◆ **The task**
Copy all lines below exactly as written. Leave pictures out.

◆ **Dataset section**
Start of Block
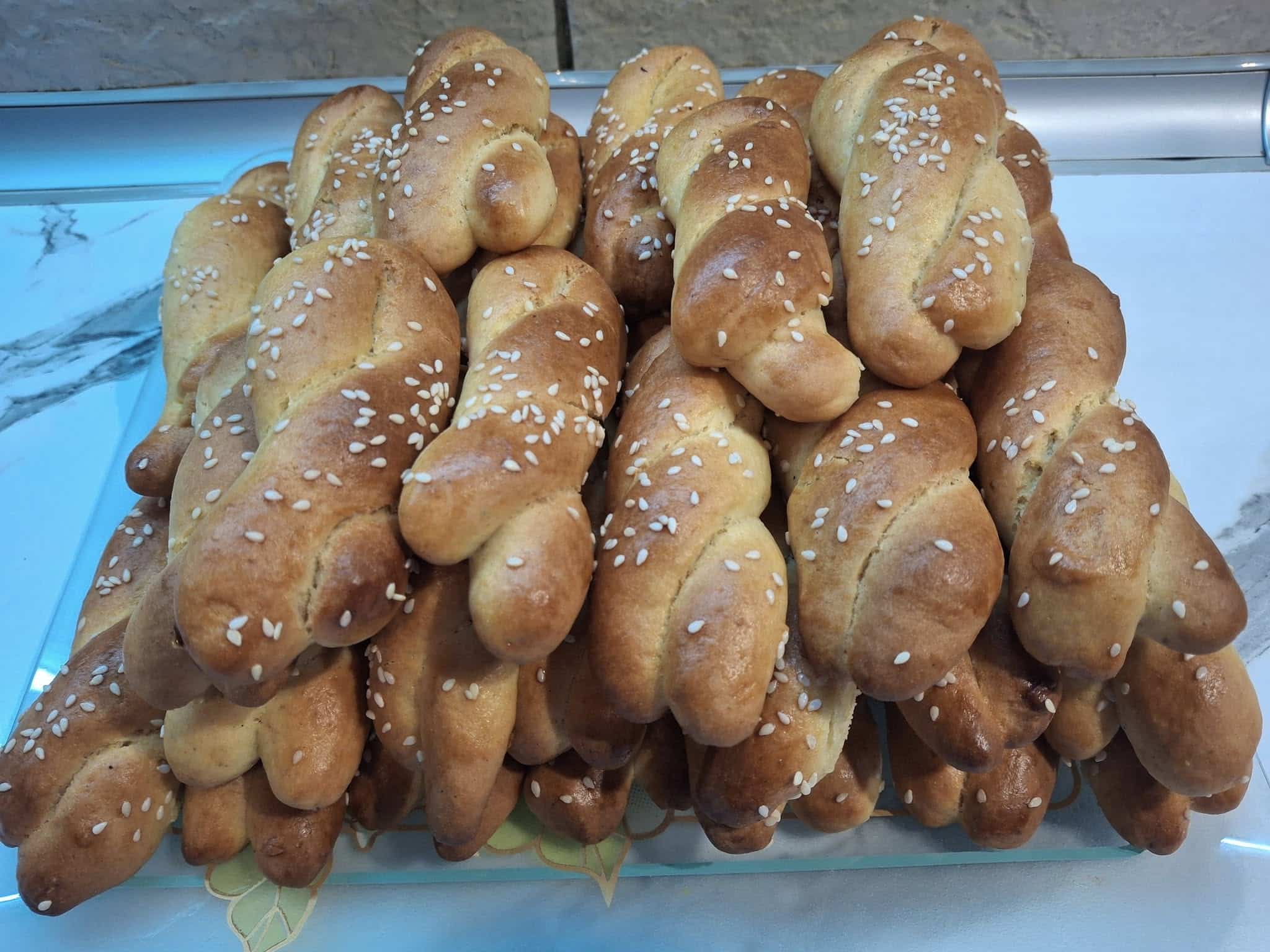 Πλαθουμε πλεξουδιτσες βάζουμε σε ταψί με λαδόκολλα με ένα πινέλο αλείφουμε με αυγο και γάλα ρίχνουμε σουσάμι.
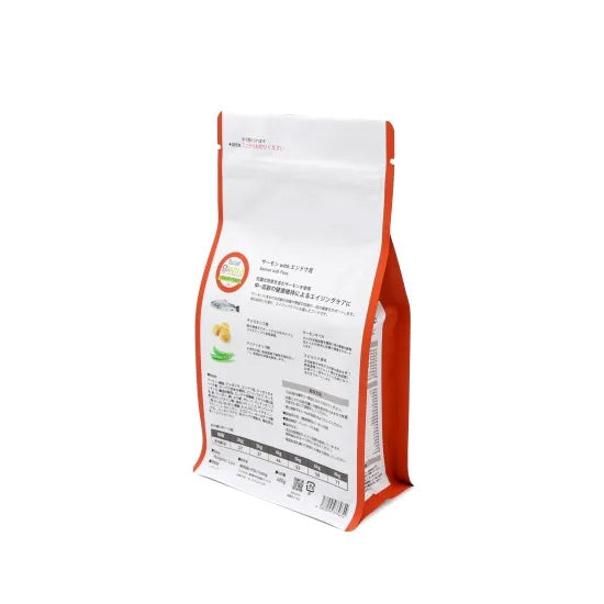 原材料 | サーモン、鶏脂、ジャガイモ、エンドウ豆、ジャガイモタンパク濃縮物、タンパク加水分解物、ビートパルプ、サーモンオイル、ビール酵母、ミネラル類(亜鉛、鉄、マンガン、銅、ヨウ素、セレン、ナトリウム、塩化物)、マンナンオリゴ糖(MOS)、ビタミン類(A、D3、E)、スピルリナ原末、キシロオリゴ糖(XOS)、ユッカシジゲラ、乳清タンパク、自然保存料酸化防止剤(トコフェロール) |
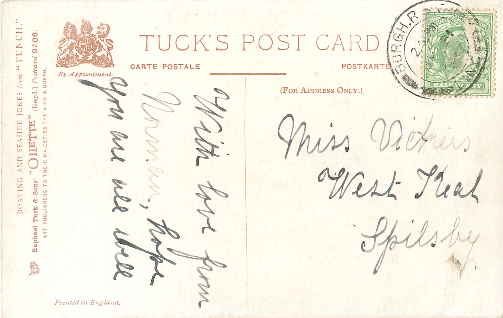 OILETTE, PRINTED IN ENGLAND, listed in 1908/1909 Catalogue
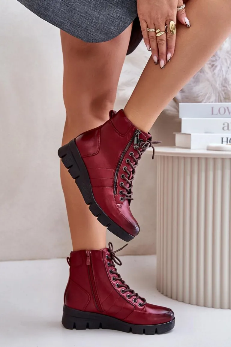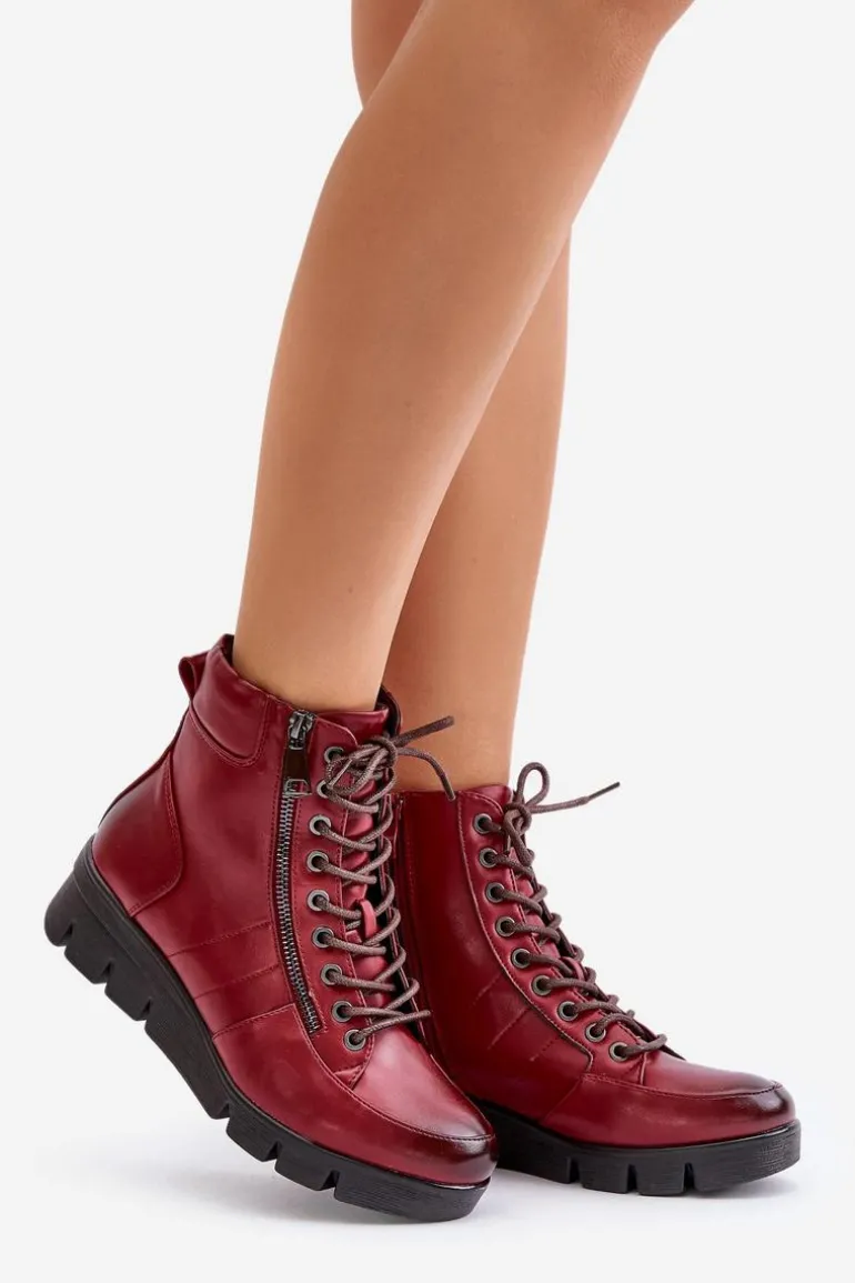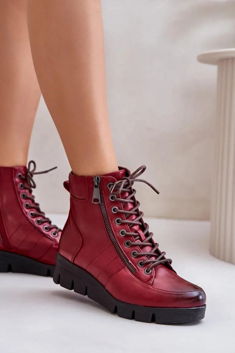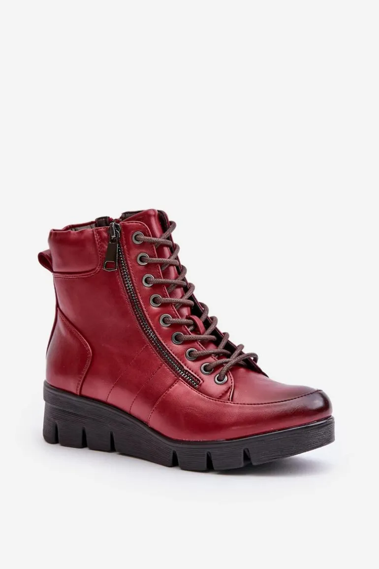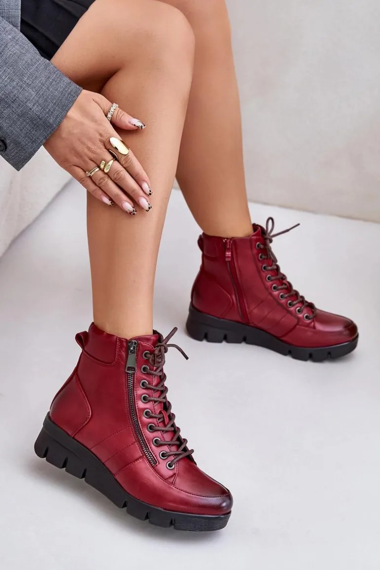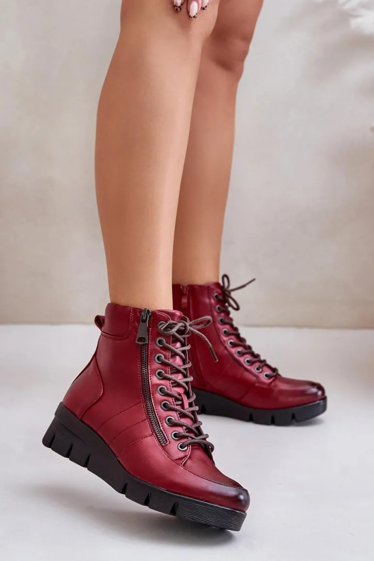 Lekkie Ocieplane Botki Damskie Na Platformie I Koturnie Bordowe Savindria
End of Block
◆ **Finished task**
 Πλαθουμε πλεξουδιτσες βάζουμε σε ταψί με λαδόκολλα με ένα πινέλο αλείφουμε με αυγο και γάλα ρίχνουμε σουσάμι.
 原材料 | サーモン、鶏脂、ジャガイモ、エンドウ豆、ジャガイモタンパク濃縮物、タンパク加水分解物、ビートパルプ、サーモンオイル、ビール酵母、ミネラル類(亜鉛、鉄、マンガン、銅、ヨウ素、セレン、ナトリウム、塩化物)、マンナンオリゴ糖(MOS)、ビタミン類(A、D3、E)、スピルリナ原末、キシロオリゴ糖(XOS)、ユッカシジゲラ、乳清タンパク、自然保存料酸化防止剤(トコフェロール) |
 OILETTE, PRINTED IN ENGLAND, listed in 1908/1909 Catalogue
 Lekkie Ocieplane Botki Damskie Na Platformie I Koturnie Bordowe Savindria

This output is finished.